▸ **ASSIGNMENT**:
The records must be duplicated exactly, with every picture left out.

▸ **INFORMATION GIVEN**:
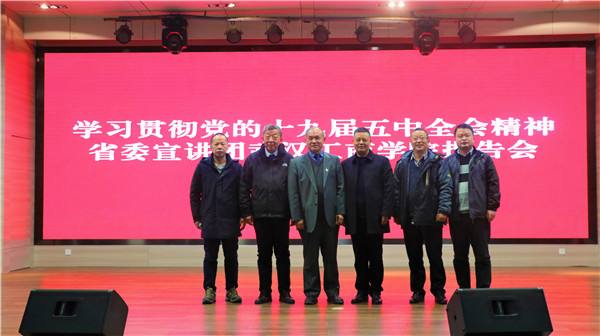 万美容教授介绍了全会的基本情况,指出这次全会是我们党在全面建成小康社会胜利在望、全面建设社会主义现代化国家新征程即将开启的重要历史时刻召开的一次十分重要的会议,是在我国将进入新发展阶段、实现中华民族伟大复兴正处于关键时期召开的一次具有全局性、历史性意义的会议,习近平总书记的重要讲话以及全会取得的重要成果、作出的重大部署都具有重大而深远的意义。
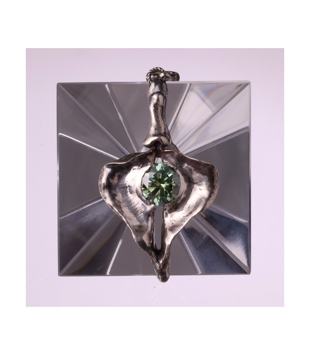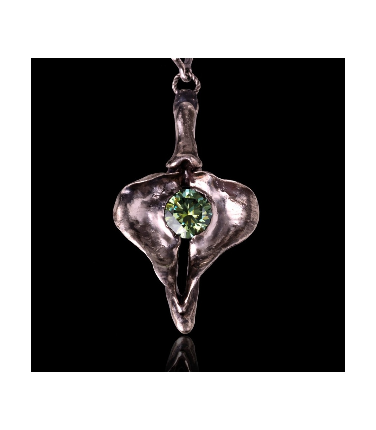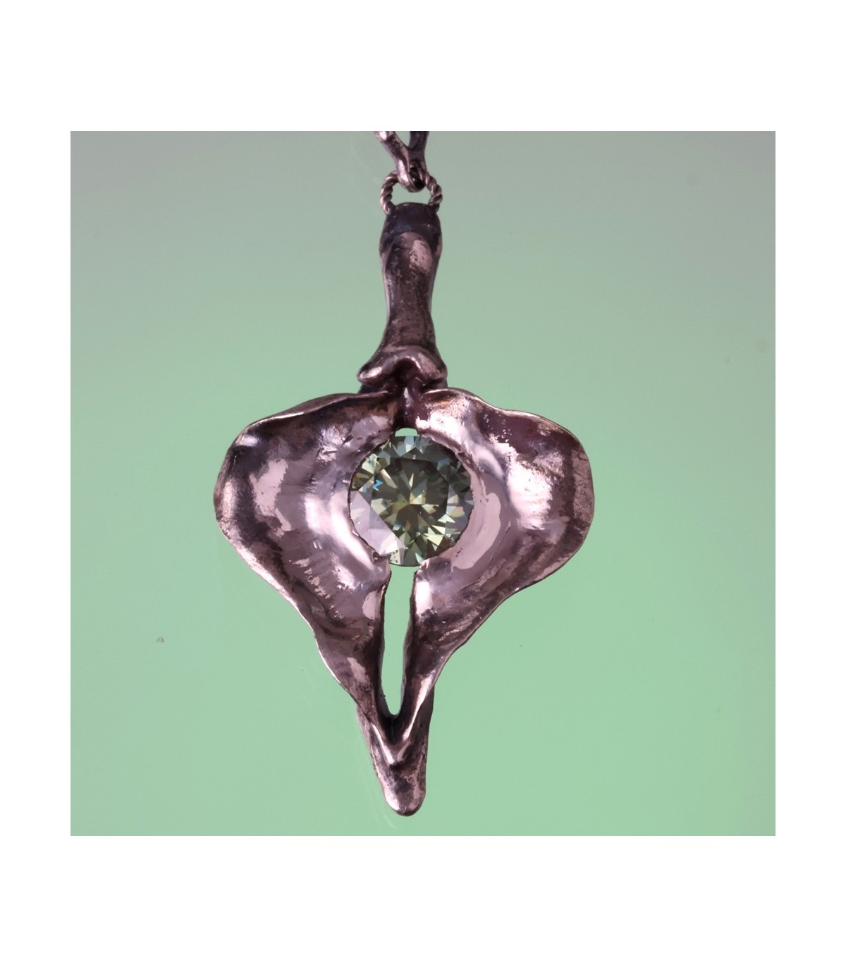 This silver pendant celebrates the vagina as a symbol of constancy and self-possession. Its sculptural shape frames a 3-carat moissanite, whose enduring brilliance mirrors Penelope’s unwavering presence through time and absence.
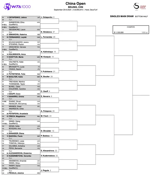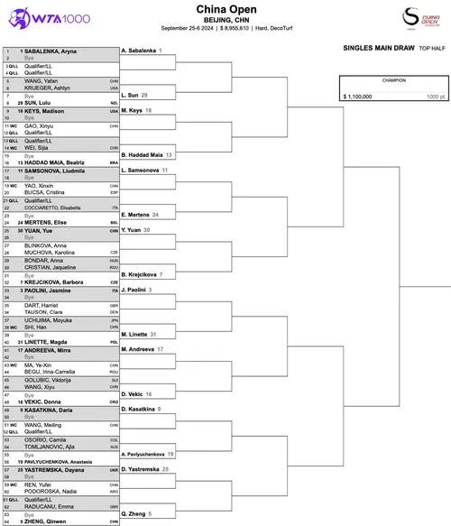 China Open in Beijing. The WTA 1000 event will be
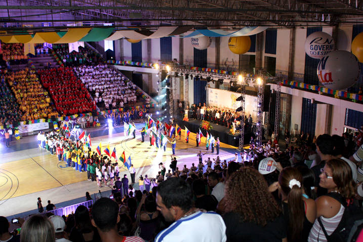 Uma bonita festa com as presenças das delegações dos países do continente marcou a abertura oficial da 18ª edição dos Jogos Sul-Americanos Escolares de 2012 na noite de ontem em Natal. A solenidade ocorreu no ginásio central do Campus Universitário, na Universidade Federal do RN.
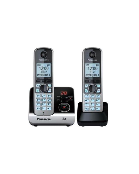Caracteristicas:O Telefone Panasonic Sem Fio com ID KX-TG6722LBB, possui visor e teclado iluminados na cor azul, fica fácil discar ou visualizar quem está chamando mesmo em ambiente escuros. Além disso chega de receber chamadas indesejadas! O aparelho manda sinal de linha ocupada para os números indesejados que você programar no aparelho.- Secretária Eletrônica: Sim, com contador de mensagens na base- Identificador de Chamadas: Sim- Frequência: Tecnologia DECT 6.0 (1.9 GHz)- Agenda Telefônica Até 100 nomes e números- Teclado iluminado em azul- Viva Voz: Sim- Localizador de monofone: Sim- Visor: Português- Cor Silver com black piano- Memória identificador de chamadas: Até 50 itens- Backup de energia: Funcionamento de até 2 horas mesmo sem energia- Modo ecológico inteligente: Com redução de até 90% de consumo- Bloqueio de chamadas indesejadas: Sim, até 30 números- Toques do telefone: 40 toques diferentes- Modo Noturno: Sim- Expansão de Ramal: Até 6 monofones (base+5)- Ajuste de volume da campainha : 6 níveis + Off- Voltagem: Bivolt- Conteúdo da Embalagem 2 Monofones, 2 Carregadores, 2 adaptadores AC, 4 Baterias Recarregáveis Ni-MH, 2 Prendedores de cinto- Peso: 680 gramas- Bateria: Ni-MH (AAA x 2) Duração de até 15 horas de conversação e até 7 dias em Standby- Garantia: 1 ano* As especificações podem ser alteradas sem aviso prévio ** Imagem meramente ilustrativa
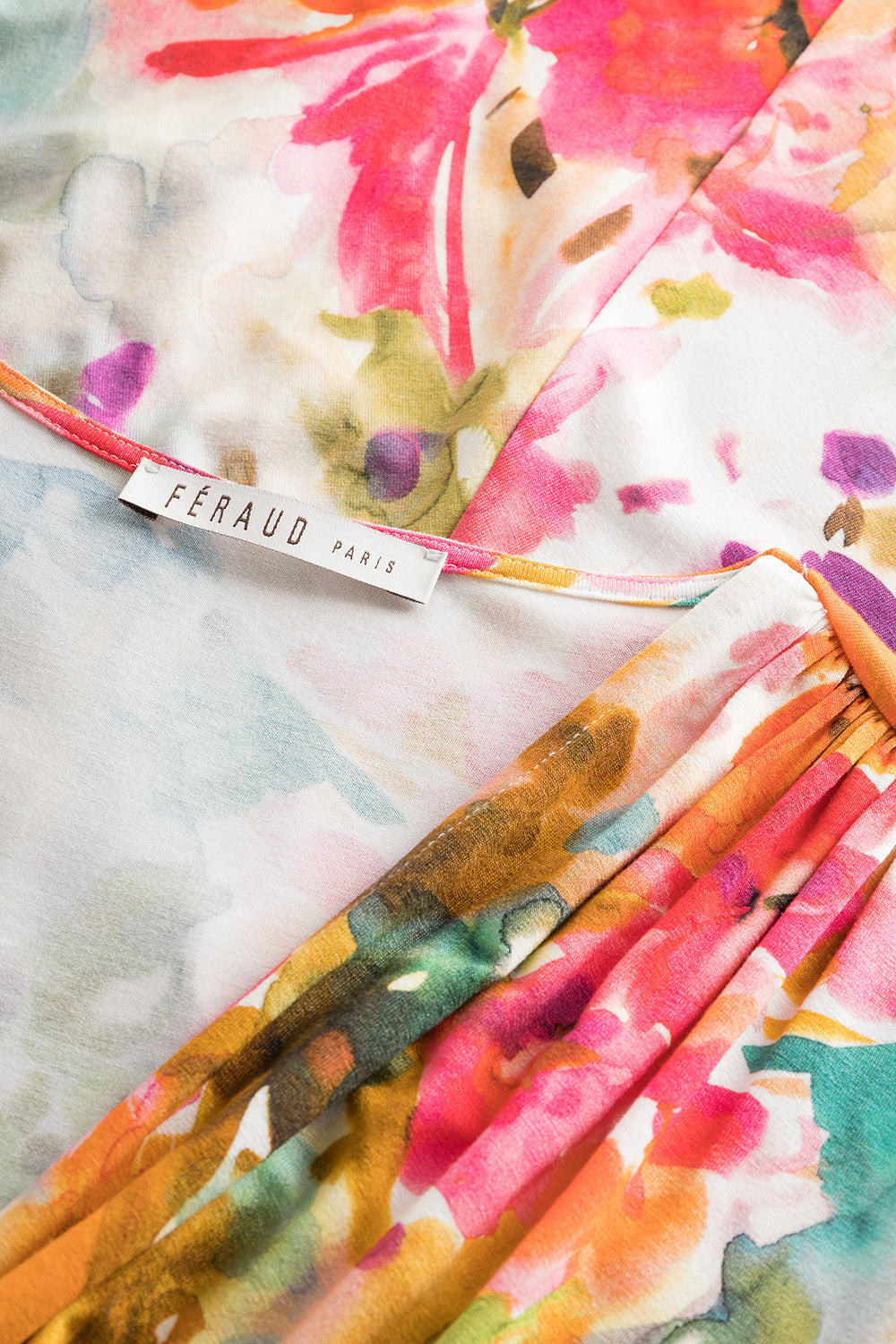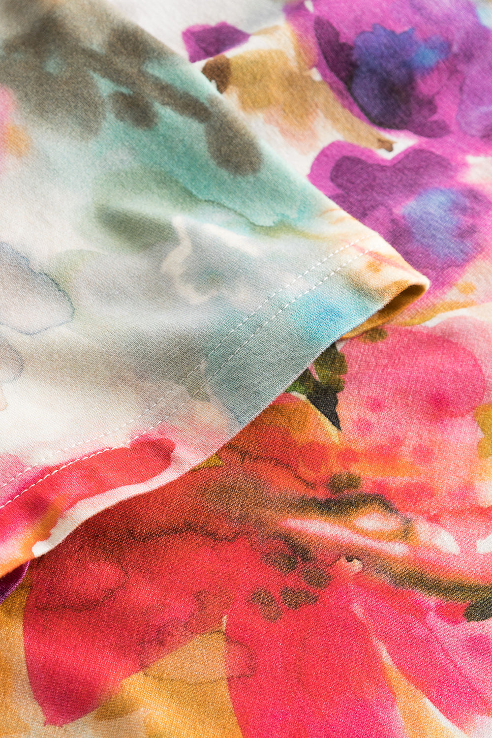 Das Cocktailkleid in Wickeloptik mit Halbarm und einem V-Ausschnitt. Das Kleid aus einer angenehmen Viskose-Elasthan Qualität ist in einem farbenfrohen Aquarell Print gefertigt.
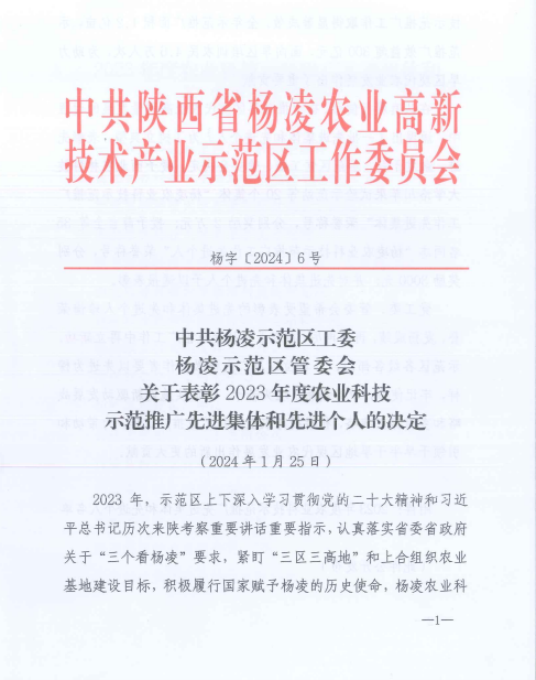 近日,中共杨凌示范区工委杨凌示范区管委会发布了关于表彰2023年度农业科技示范推广先进集体和先进个人的决定,学校继续教育与培训学院和科技与教育研究处荣获农业科技示范推广工作先进集体,胡俊鹏、牛华锋、郑伟、吴薇4名同志荣获农业科技示范推广工作先进个人。

▸ **OUTPUT**:
 万美容教授介绍了全会的基本情况,指出这次全会是我们党在全面建成小康社会胜利在望、全面建设社会主义现代化国家新征程即将开启的重要历史时刻召开的一次十分重要的会议,是在我国将进入新发展阶段、实现中华民族伟大复兴正处于关键时期召开的一次具有全局性、历史性意义的会议,习近平总书记的重要讲话以及全会取得的重要成果、作出的重大部署都具有重大而深远的意义。
 This silver pendant celebrates the vagina as a symbol of constancy and self-possession. Its sculptural shape frames a 3-carat moissanite, whose enduring brilliance mirrors Penelope’s unwavering presence through time and absence.
 China Open in Beijing. The WTA 1000 event will be
 Uma bonita festa com as presenças das delegações dos países do continente marcou a abertura oficial da 18ª edição dos Jogos Sul-Americanos Escolares de 2012 na noite de ontem em Natal. A solenidade ocorreu no ginásio central do Campus Universitário, na Universidade Federal do RN.
Caracteristicas:O Telefone Panasonic Sem Fio com ID KX-TG6722LBB, possui visor e teclado iluminados na cor azul, fica fácil discar ou visualizar quem está chamando mesmo em ambiente escuros. Além disso chega de receber chamadas indesejadas! O aparelho manda sinal de linha ocupada para os números indesejados que você programar no aparelho.- Secretária Eletrônica: Sim, com contador de mensagens na base- Identificador de Chamadas: Sim- Frequência: Tecnologia DECT 6.0 (1.9 GHz)- Agenda Telefônica Até 100 nomes e números- Teclado iluminado em azul- Viva Voz: Sim- Localizador de monofone: Sim- Visor: Português- Cor Silver com black piano- Memória identificador de chamadas: Até 50 itens- Backup de energia: Funcionamento de até 2 horas mesmo sem energia- Modo ecológico inteligente: Com redução de até 90% de consumo- Bloqueio de chamadas indesejadas: Sim, até 30 números- Toques do telefone: 40 toques diferentes- Modo Noturno: Sim- Expansão de Ramal: Até 6 monofones (base+5)- Ajuste de volume da campainha : 6 níveis + Off- Voltagem: Bivolt- Conteúdo da Embalagem 2 Monofones, 2 Carregadores, 2 adaptadores AC, 4 Baterias Recarregáveis Ni-MH, 2 Prendedores de cinto- Peso: 680 gramas- Bateria: Ni-MH (AAA x 2) Duração de até 15 horas de conversação e até 7 dias em Standby- Garantia: 1 ano* As especificações podem ser alteradas sem aviso prévio ** Imagem meramente ilustrativa
 Das Cocktailkleid in Wickeloptik mit Halbarm und einem V-Ausschnitt. Das Kleid aus einer angenehmen Viskose-Elasthan Qualität ist in einem farbenfrohen Aquarell Print gefertigt.
 近日,中共杨凌示范区工委杨凌示范区管委会发布了关于表彰2023年度农业科技示范推广先进集体和先进个人的决定,学校继续教育与培训学院和科技与教育研究处荣获农业科技示范推广工作先进集体,胡俊鹏、牛华锋、郑伟、吴薇4名同志荣获农业科技示范推广工作先进个人。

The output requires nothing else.